Ideally this agent could be used on any type of EPS foam, whether IDRO produced or common building grade.  

Cheap

Easy application

Lightweight

Epoxy compatible

This has been tried and tried and tried for over 50 years.  It just isn’t a good idea.  When sqeegeeing your flats, poly resin will find any insignificant hole and attack the foam.  Not to say it can’t work once … but anyone who’s making any number of boards will get a low percentage out of any sealing method followed by polyester.  Plus weight penalty in dealing with heavy seals kind defeats the whole purpose.

 

Matt did not suggest that the undercoater would offer any strength benefits, merely that it would seal the foam with a thin & light layer.

Then I don’t see any apparent benefit to buying the product unless I’m missing something. Cosmetically superior to epoxy/microsphere sealing? Better adhesion than ultralite spackle?

I agree with Greg, that sealing an EPS blank for the purpose of using UV polyester is inherently a loser. First I doubt that the bond will ever be comparable to an epoxy based glassjob. And even if one glasses an EPS blank with polyester resin, the end result will be a cheaper less durable product.

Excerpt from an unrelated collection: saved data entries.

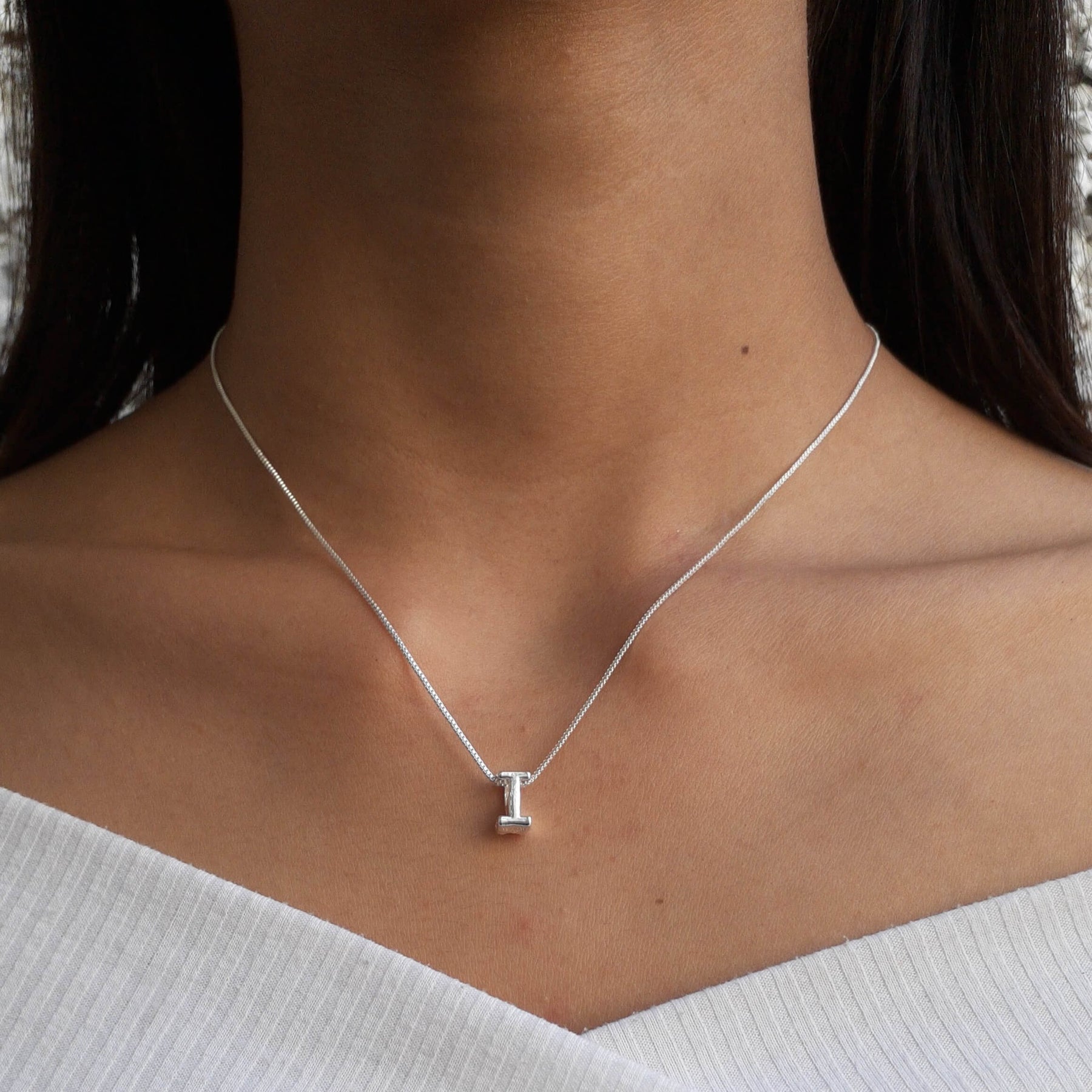 MODELO: Colar feminino de Letra I banhado com 100 milésimos de prata 925.
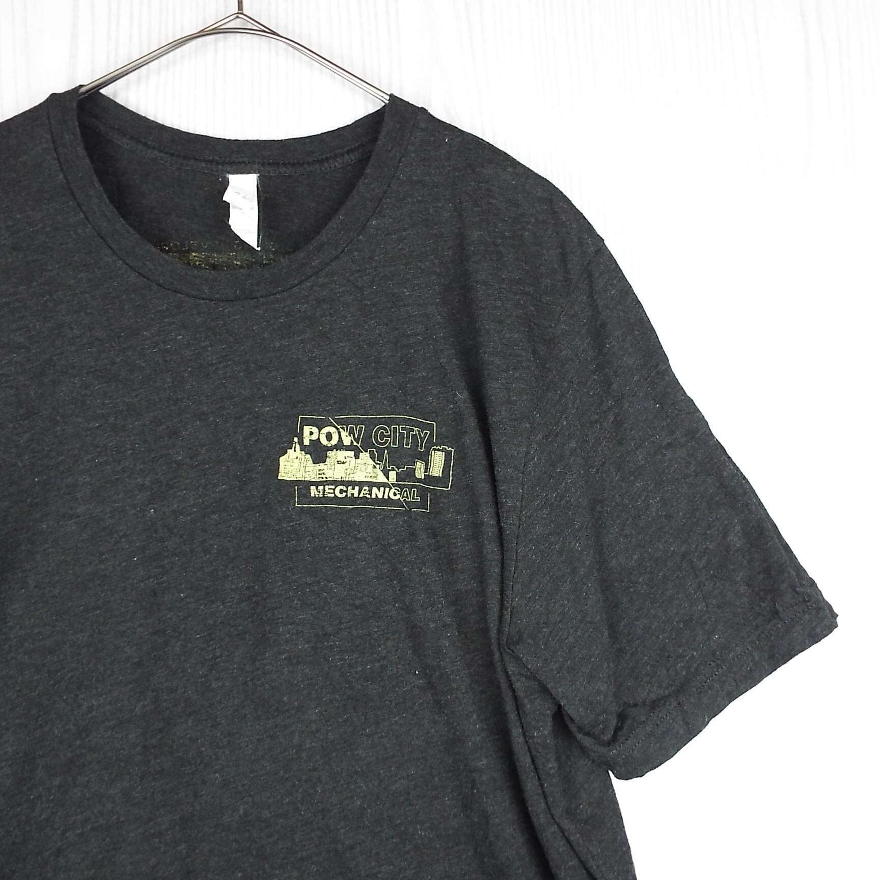 レディースXL|CANVAS POW CITY MECHANICAL グラフィック 両プリ 半袖Tシャツ 杢ブラック コットン混 US古着【湘南倉庫】ビッグサイズTシャツ
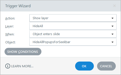 2. If that doesn't work, you can add an empty layer, let's call it "HideAll" . You can then add an invisible rectangle named "HideAllPopupsForSeekbar" onto your timeline and extend it according to where you want the layers to hide when using the seekbar. Then add the trigger shown in the attached HideLayers.jpg

Like GL, I feel the dynamics surrounding EPS as a core material are unrealized and underappreciated. I don’t believe the different feel in ride is the deciding factor why EPS isn’t in commonplace use. So if it is in fact the fear that your board will be invaded with water the second you have a pin hole leak around a box, leash cup, or a tiny ding gone unnoticed… well, how do you counter that archaic thinking?

Instead, what we have are very expensive, highly sophisticated products like Surftech and Firewire and DIYer comp sands that use EPS cores then surround them with extensive outer layers. Some of these approaches are quite good while others are a joke. But as I suggested with my penetrating seal approach, we still aren’t getting to the core of the matter. Widespread use won’t happen if you have to vac bag everything. And if you produce EPS to a tiny bead size that eliminates nearly all the air space, you lose the inherent benefits of the material in the first place: lightweight, and memory. Is there a way to make a much smaller bead size that can be superfused, still with a 1.0 or 2.0 lb. density? Cost?

I have to wonder if Surftechs demonstration on You Tube comparing different EPS cores with the glass of water and vacuum isn’t the result of what I have suggested here. Have they found a penetrating expanding sealant that can treat superfused or even lower grade EPS? Or is it a further development of higher grade EPS that is so tightly compacted that it disallows water penetration/migration? If so, why bother with tough outer skins unless it represents massive savings and net bottom line profits? Ad if, this foam that has been “10 years in development” is exclusive to only them, why not just provide the rest of the world with it and make even more of that bottom line profit? Or, is it ‘just’ in fact IDRO produced superfused foam?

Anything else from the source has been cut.